An interesting exercise:
1. Review some of the anectodal news reports and internet postings of people who have used high potency cannabis oil to treat their cancer. A common thread emerges: The importance of titrating the dose quickly to establish the tolerance necessary to use very high doses. There's no way to know how much THC, CBD, etc is present in these products but the patients generally describe symptoms you would see with extremely high doses of THC.
2. Search pubmed for GPR55, CB1, CB2, heteromization, and cancer. You will find a number of recent mechanistic studies which describe the biphasic action of cannabinoid agonists on cancer cells that express GPR55-CB heteromers. At low concentrations, THC (but not CBD) seems to act via GPR55 associated pathways with oncogenic downstream effects. Conversely, THC triggers Cannabinoid receptor mediated apoptosis in these same cells when present in higher concentrations. The effect of upward titrating cannabis oil doses in treatment of Ph+ T-Cell-ALL in a human being has been documented in one case report in "Case Reports in Oncology" published by Karger.
Put simply, patients using cannabis or THC for palliative reasons only use small doses, while the complementary/herbal medicine community seems to think that very high doses are necessary if the patient is trying to treat their cancer (induce remission). Moreover, the patients who claim cannabis oil helped to "cure" their cancer invariably report they used very high doses. These cases all predated the discovery of THC's biphasic action on cancer cells. In other words, there is now a pharmacologic explanation for a phenomenon that has been reported within the alternative medicine community. Could all be coincidence, but definitely suggests to me that high dose cannabis as a potential chemotherapy drug needs to be studied in randomized trials.
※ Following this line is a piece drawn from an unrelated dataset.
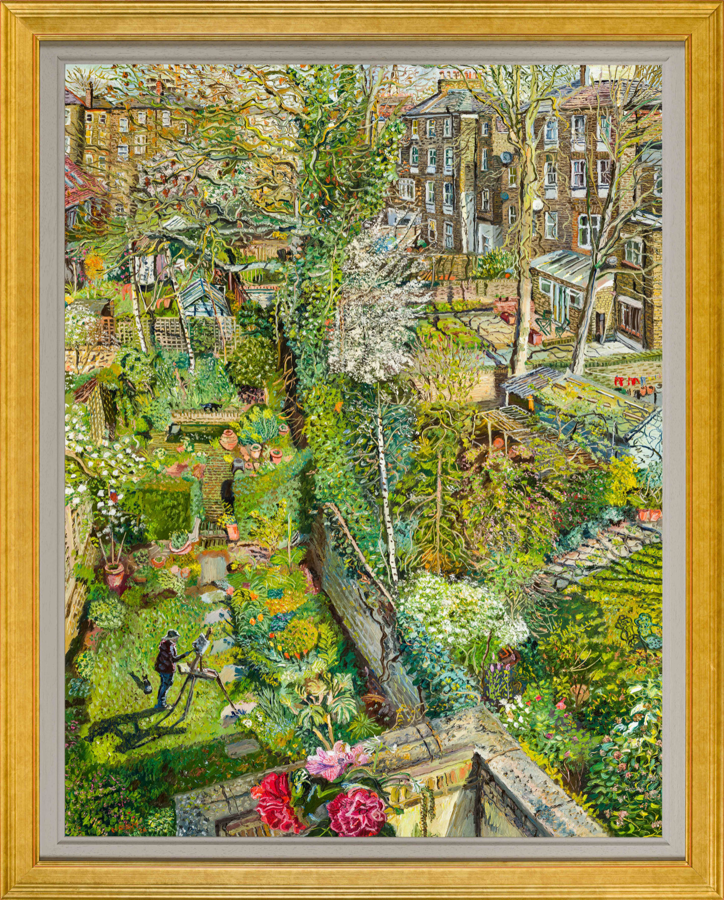 'Painted on sunny mornings between 8.30 to 10.30 over the last month, the view from my window. I couldn’t resist adding a few camelias in a jar on the windowsill picked from local bushes. Everything is coming out now and I feel like I want to paint the whole view again, but I just love getting out and painting in the sun. Spring does bring hope and thoughts of love, I remember going on a CND (campaign for nuclear disarmament) March with my parents at Easter in the 1960s, and a love-in at Hyde Park...'

There is also something called "the entourage effect" which may be unique to eicosanoid signalling (and hence endocannabinoid signaling). In basic terms, the presence of various endocannabinoid analogues at one receptor site seem to influence it's action. While it hasn't been studied yet, one might postulate that the 60 different cannabinoids in Cannabis help shift THC signaling toward activation of CB1 and CB2 apoptotic pathways and away from GPR-55 mediated proliferation.